Supplied information:

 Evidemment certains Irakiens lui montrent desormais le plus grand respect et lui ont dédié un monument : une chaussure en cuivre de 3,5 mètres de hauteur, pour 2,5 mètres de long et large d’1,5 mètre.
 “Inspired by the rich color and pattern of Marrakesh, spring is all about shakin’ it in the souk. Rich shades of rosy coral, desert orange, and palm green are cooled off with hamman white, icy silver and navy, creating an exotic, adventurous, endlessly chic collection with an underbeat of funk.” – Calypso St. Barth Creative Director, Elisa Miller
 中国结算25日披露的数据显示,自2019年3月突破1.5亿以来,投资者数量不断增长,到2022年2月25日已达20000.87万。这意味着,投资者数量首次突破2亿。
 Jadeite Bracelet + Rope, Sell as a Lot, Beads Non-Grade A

==

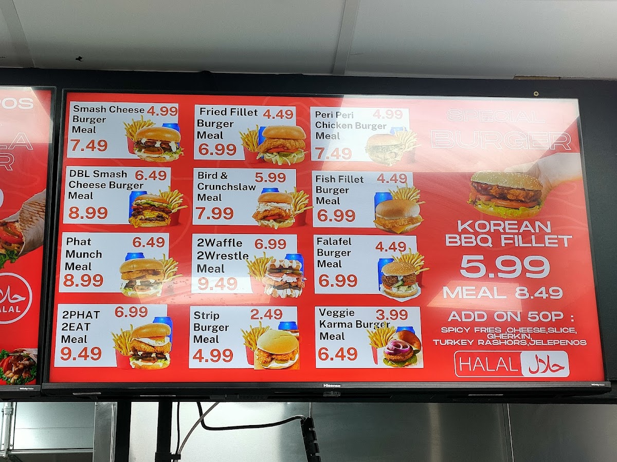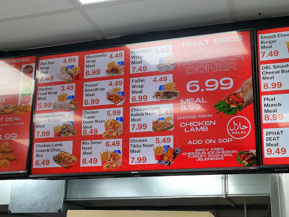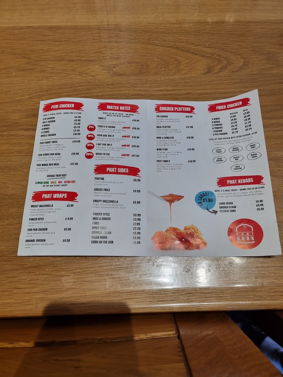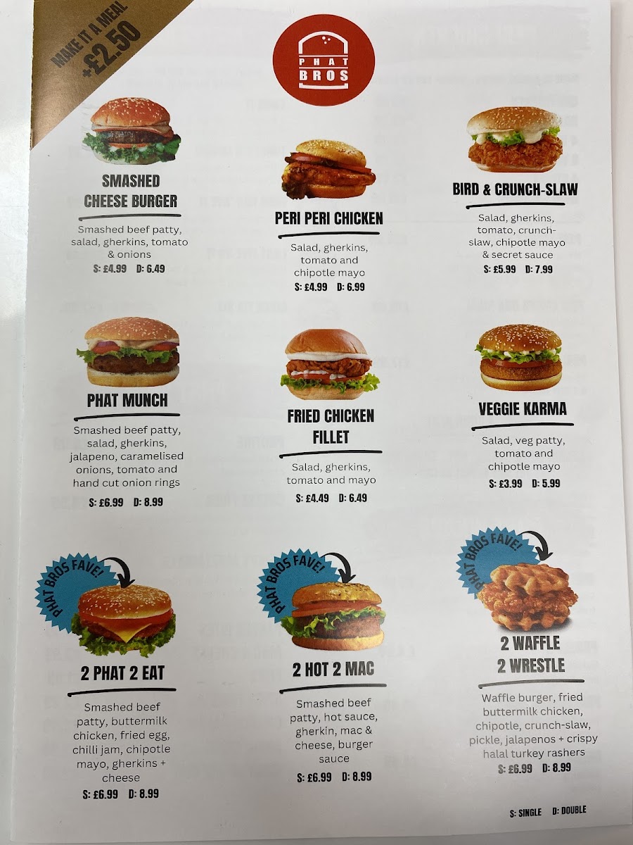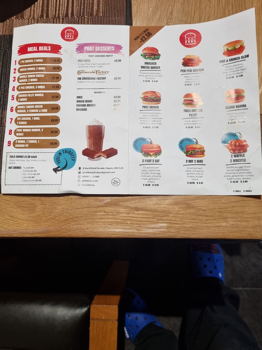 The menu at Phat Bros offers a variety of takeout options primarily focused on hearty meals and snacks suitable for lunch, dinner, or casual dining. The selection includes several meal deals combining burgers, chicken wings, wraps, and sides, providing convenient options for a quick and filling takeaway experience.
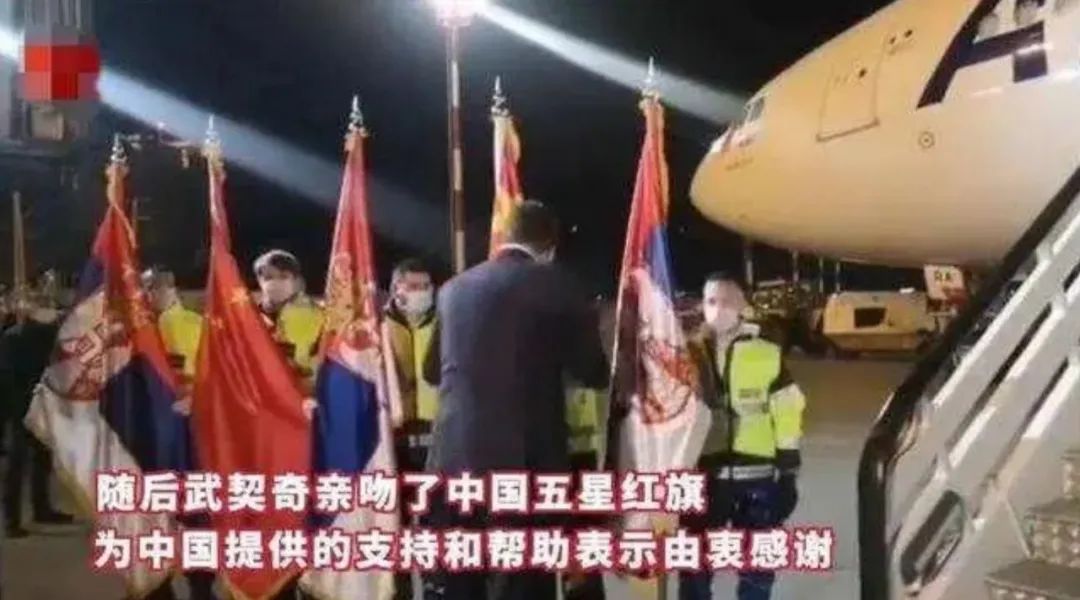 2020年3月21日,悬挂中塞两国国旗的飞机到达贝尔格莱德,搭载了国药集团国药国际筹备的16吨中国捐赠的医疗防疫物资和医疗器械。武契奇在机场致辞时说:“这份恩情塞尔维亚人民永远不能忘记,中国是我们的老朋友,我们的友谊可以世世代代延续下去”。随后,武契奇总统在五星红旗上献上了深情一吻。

Work to be completed:
As listed above, the lines from the line with "中国结算25日披露的数据显示" to the line with "Jadeite Bracelet +" are to be echoed exactly, with both ends included and nothing added.

Output below:
 中国结算25日披露的数据显示,自2019年3月突破1.5亿以来,投资者数量不断增长,到2022年2月25日已达20000.87万。这意味着,投资者数量首次突破2亿。
 Jadeite Bracelet + Rope, Sell as a Lot, Beads Non-Grade A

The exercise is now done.